I know that a couple members (at least) of the board are geocentrists. I also realize that most of the "interaction" you deal with is pretty snide. So let me clarify that I don't mean any of this in a snide way, but in a very serious way. If you take the "phenomenal" language seriously, e.g., the sun is said to rise and set, therefore the sun is mobile, then do you think that rain comes from the "windows of heaven", or that the lake of fire will in the future be below the earth, in the core perhaps (e.g. in Ephesians where Christ descends into the lower parts of the earth [I guess that could mean the incarnation, I dunno], or in Philippians where every knee and tongue "under the earth" will also confess Christ as Lord).

Once again, I don't mean that in a snarky fashion. I'm just wondering how you would apply that hermeneutic across the board.


----------



## ChristianTrader (Jan 31, 2007)

JDWiseman said:


> I know that a couple members (at least) of the board are geocentrists. I also realize that most of the "interaction" you deal with is pretty snide. So let me clarify that I don't mean any of this in a snide way, but in a very serious way. If you take the "phenomenal" language seriously, e.g., the sun is said to rise and set, therefore the sun is mobile, then do you think that rain comes from the "windows of heaven", or that the lake of fire will in the future be below the earth, in the core perhaps (e.g. in Ephesians where Christ descends into the lower parts of the earth [I guess that could mean the incarnation, I dunno], or in Philippians where every knee and tongue "under the earth" will also confess Christ as Lord).
> 
> Once again, I don't mean that in a snarky fashion. I'm just wondering how you would apply that hermeneutic across the board.



Well I'm not necessarily admitting to being a geocentrist  but if I was one I would answer something along the lines of this:

Geocentrists are not just hyper literalists, but instead are contextual literalists. If the text demands what is considered a "literal view" then so be it, if it demands a symbolic view then so be it again. For example a geocentrist does not have a problem reconciling passages where God is given human or animal characteristics (hands, wings etc) with the Biblical knowledge that God is a spirit. Taking context into account easily solves these things.

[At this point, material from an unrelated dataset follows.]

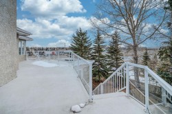This large upgraded bungalow features central air conditioning and a grade-level walkout, opening to a spacious yard on an expansive 12,270 sq ft lot. Vaulted ceilings and large windows over the entry flood the home with natural light, creating a bright and inviting atmosphere. Thoughtfully designed, the home blends openness with subtle partitioned areas, allowing the kitchen, living room, and formal dining room to flow seamlessly into the foyer. A central skylight further enhances the natural light from all directions. The layout also cleverly dampens acoustics, ensuring activities in one area don’t disturb those in another. The deck off the kitchen offers easy access to the yard and ideal for summer entertaining. The main floor features a spacious primary bedroom with a 5-piece en-suite, including a soaker tub, dual vanities, and a large walk-in closet. Two additional bedrooms, a 4-piece bathroom, and a convenient laundry/mudroom off the garage complete the main floor. The walk-out basement feels more like a bright living space than a basement, with in-floor heating, two additional bedrooms, a 4-piece bathroom, a large rec room, a studio, a sunroom, and a hot tub room (unfinished). Enjoy two expansive decks, ample under-deck storage, and a lush yard with mature trees and shrubs. The location also provides easy access to community amenities, including tennis and basketball courts, as well as several leisure centres and parks. This unique home has undergone numerous upgrades, including a remodelled kitchen, renovated bathroom, newer plumbing, a newer roof, and upgraded appliances. *Please note this home is a Judicial Listing, and the home will be sold "As is".*
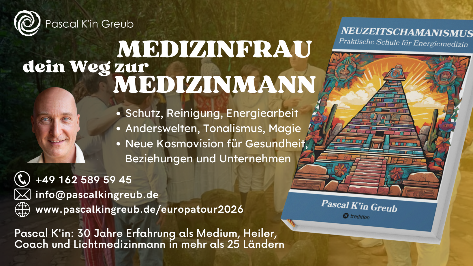 Dies ist auch der Workshop zum neuen Arbeitsbuch NEUZEITSCHAMANISMUS in Ethnomedizin, Energie- und Lichtmedizin, mit dem dir Pascal K’in 25 Jahre Erfahrungen bei den Maya, direkt übermittelt von Mayapriester Don Lauro, sowie als Heiler und Workshopleiter aus Mexiko mitbringt! Schamanismus war einst Urreligion – hier erfährst du, wie du sie jeden Tag leben kannst, was deine Wahrnehmung der Menschen, der Welt vollkommen verändern wird.

Some things to keep in mind:

1)Geocentrism and Six-Day Creation/YEC rise and fall together. Whatever tools that can be used to take down one will easily take down the other.

2)Geocentrism had been the almost unquestioned view of the orthodox until about sometime in the 1600s and up until that time, and there had been no problem taking everything literally instead of taking context into the issue (this point is just to reinforced that one does not have to whitewash history to make geocentrism look better)

3)Those that held to a geocentrism were not flat earthers (Just in case one wants to counter with "Well if were are going by polls, then we might as well accept X as well)

CT


----------